The fancy plot above mainly looks at cache bandwidth. This test is multithreaded, so the numbers you see show the combined bandwidth from all of the L1 and L2 caches on each CPU.

The most notable result above involves the comparison between the, uh, sky-blue Skylake 6700K line and the yellow Haswell 4790K one. At the 256KB to 1MB block sizes, where we're accessing the four 256KB L2 caches in these chips, Skylake achieves substantially higher transfer rates at the same basic clock frequency as Haswell.

Oh, and get used to the Core i7-5960X taking the top spot in almost every benchmark. That CPU has eight cores, 16 threads, quad channels of DDR4, and a 20MB L3 cache. It also costs a grand. The 5960X is not in the same class as the rest of these chips. It's just here for reference.

Now let's zoom in on a portion of the graph above.

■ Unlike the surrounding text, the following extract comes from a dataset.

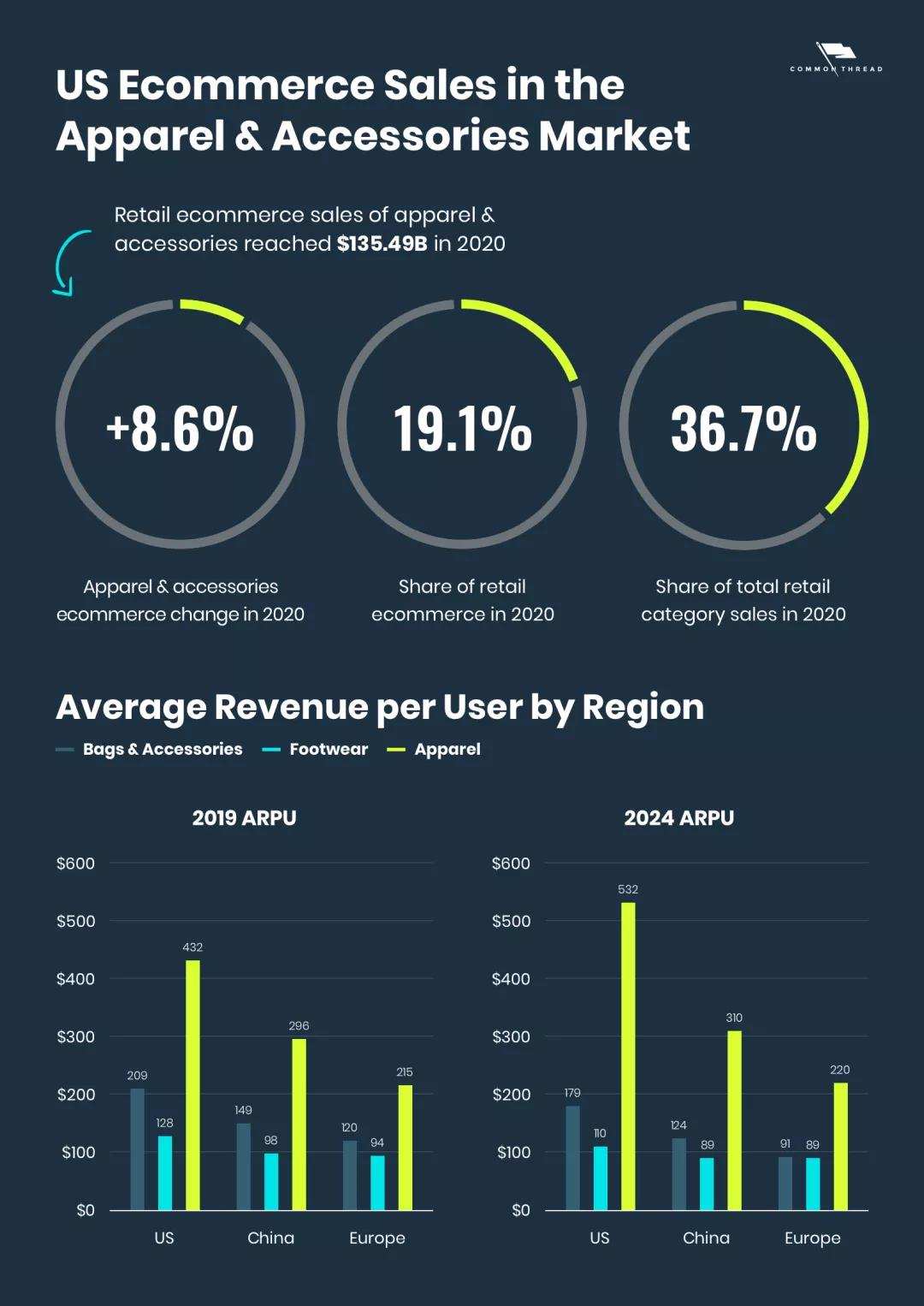 美国服装&配饰电商销售数据(上)和区域市场的 ARPU 水平 | 数据来源:Statista 和 eMarketer

My main motivation for including this strange plot is to get you to consider the 64MB test block size. There, the purple line for the 5775C indicates higher bandwidth than any other CPU tested; the 5775C's bandwidth at this block size is roughly double the 6700K's. This data point is one spot where we can see the impact of the 5775C's 128MB L4 cache. Ooh, ahh.

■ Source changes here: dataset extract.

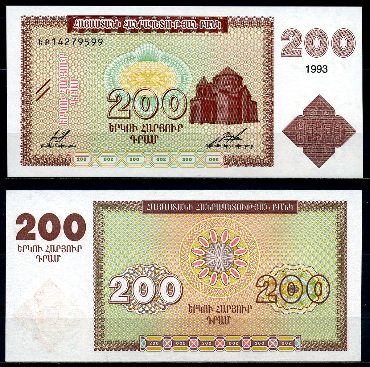 Армения 200 драм 1993 водяной знак герб, Эчмиадзинский монастырь Pick 37 b, Сергеев 5 бумага UNC (пресс) 7201-23-1

Interesting. You can see the impact of the 6700K's higher-bandwidth DDR4 memory easily in Stream. That wasn't the case with Haswell-E compared to Ivy-E. My suspicion is that Skylake may be more aggressive about speculatively pre-fetching data into its caches than prior architectures. That would explain its ability to take immediate advantage of DDR4's additional bandwidth.

Looks to me like the Broadwell 5775C's large L4 cache is a boon in AIDA's memory copy test. The 5775C doesn't look like anything special in isolated read or write tests, but when asked to do both, having that big cache on hand appears to help.

Next up, let's look at access latencies.

SiSoft has a nice write-up of this latency testing tool, for those who are interested. We used the "in-page random" access pattern to reduce the impact of pre-fetchers on our measurements. This test isn't multithreaded, so it's a little easier to track which cache is being measured. If the block size is 32KB, you're in the L1 cache. If it's 64KB, you're into the L2, and so on.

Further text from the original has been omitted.